When the brain's neurons are activated, under normal conditions, it should produce a rapid increase in the area's blood flow. This phenomenon, known as neurovascular coupling, occurs via the dilation of blood vessels called arterioles. The Functional magnetic resource imaging concept of neurovascular coupling allows experts to ascertain areas with weakened blood flow to diagnose brain disorders.

On the other hand, past neurovascular coupling studies have been limited to shallow areas of the brain, such as the cerebral cortex, where scientists have mostly been able to examine blood flow changes in the brain's response to environmental stimuli. Little is known about how the same principles apply to deeper regions of the brain attuned to stimuli produced by the body.

To fully understand the relationship between the deep regions of the brain, a team of interdisciplinary scientists led by Georgia state professor of neuroscience and director of the Center for Neuroinflammation and Cardiometabolic Diseases Dr. Javier Stern, developed a unique approach that combines both surgical techniques and state-of-the-art neuroimaging.

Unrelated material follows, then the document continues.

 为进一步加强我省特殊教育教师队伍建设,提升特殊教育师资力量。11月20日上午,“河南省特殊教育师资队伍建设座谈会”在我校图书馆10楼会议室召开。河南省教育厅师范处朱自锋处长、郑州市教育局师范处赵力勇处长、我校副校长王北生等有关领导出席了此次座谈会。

In a study titled "Inverse neurovascular coupling contributes to positive feedback excitation of vasopressin neurons during a systemic homeostatic challenge" published in the journal Cell Reports, the team of researchers focused on the brain's hypothalamus, a region deep in the brain involved with many critical body functions such as body temperature regulation, drinking, eating, and reproduction.

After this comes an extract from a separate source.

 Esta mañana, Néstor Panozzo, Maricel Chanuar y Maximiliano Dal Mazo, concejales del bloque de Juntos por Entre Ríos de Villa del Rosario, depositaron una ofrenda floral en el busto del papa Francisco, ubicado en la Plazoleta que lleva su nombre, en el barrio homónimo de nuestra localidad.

Stern explains that the team chose salt due to the needs of the body to control sodium levels. Stating that the body has cells specified to detect the amount of salt present in the blood. When salt is ingested, the brain senses it and activates compensatory mechanisms to decrease sodium levels. Researchers found that a decrease in blood flow is observable as the neurons become activated in the brain's hypothalamus, contrary to previous researches, reports SciTechDaily.